Try it →
Output the data in full. Keep every word exact and exclude the pictures.

Data section →
..............................

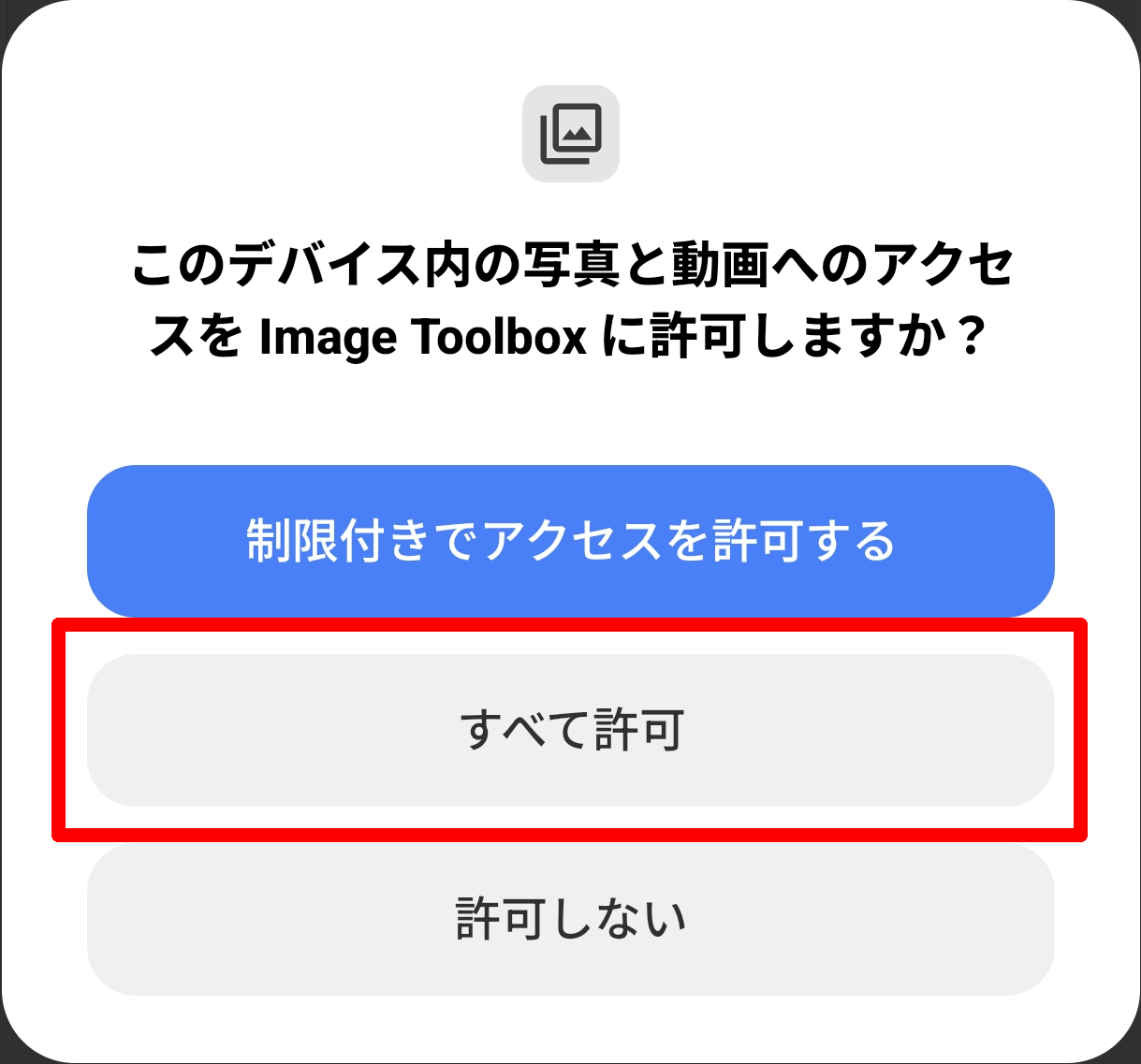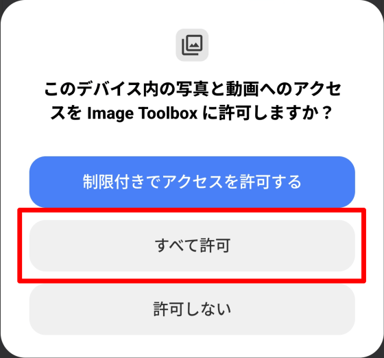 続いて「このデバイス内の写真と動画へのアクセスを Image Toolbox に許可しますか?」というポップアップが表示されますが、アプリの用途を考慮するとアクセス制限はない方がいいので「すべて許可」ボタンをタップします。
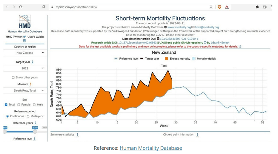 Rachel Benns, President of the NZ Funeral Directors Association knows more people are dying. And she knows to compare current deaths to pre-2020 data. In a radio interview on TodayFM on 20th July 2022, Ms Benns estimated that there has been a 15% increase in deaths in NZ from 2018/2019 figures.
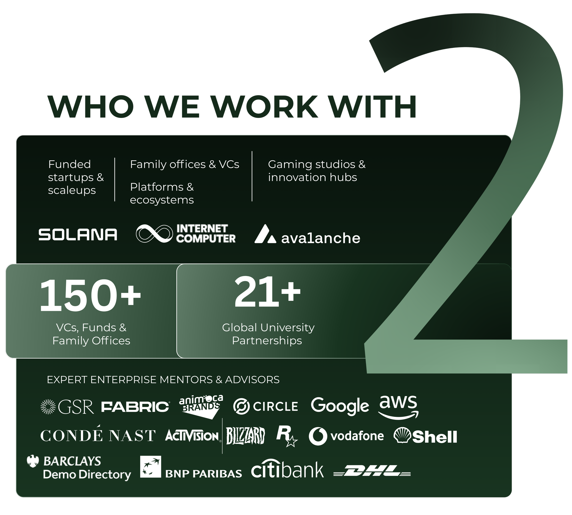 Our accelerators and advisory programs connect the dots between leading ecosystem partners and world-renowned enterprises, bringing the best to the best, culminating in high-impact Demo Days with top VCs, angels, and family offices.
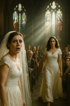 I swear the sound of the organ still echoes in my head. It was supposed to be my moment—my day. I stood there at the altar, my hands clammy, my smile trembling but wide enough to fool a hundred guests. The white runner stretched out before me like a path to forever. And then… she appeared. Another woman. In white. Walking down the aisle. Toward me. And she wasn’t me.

..............................

Answer section →
 続いて「このデバイス内の写真と動画へのアクセスを Image Toolbox に許可しますか?」というポップアップが表示されますが、アプリの用途を考慮するとアクセス制限はない方がいいので「すべて許可」ボタンをタップします。
 Rachel Benns, President of the NZ Funeral Directors Association knows more people are dying. And she knows to compare current deaths to pre-2020 data. In a radio interview on TodayFM on 20th July 2022, Ms Benns estimated that there has been a 15% increase in deaths in NZ from 2018/2019 figures.
 Our accelerators and advisory programs connect the dots between leading ecosystem partners and world-renowned enterprises, bringing the best to the best, culminating in high-impact Demo Days with top VCs, angels, and family offices.
 I swear the sound of the organ still echoes in my head. It was supposed to be my moment—my day. I stood there at the altar, my hands clammy, my smile trembling but wide enough to fool a hundred guests. The white runner stretched out before me like a path to forever. And then… she appeared. Another woman. In white. Walking down the aisle. Toward me. And she wasn’t me.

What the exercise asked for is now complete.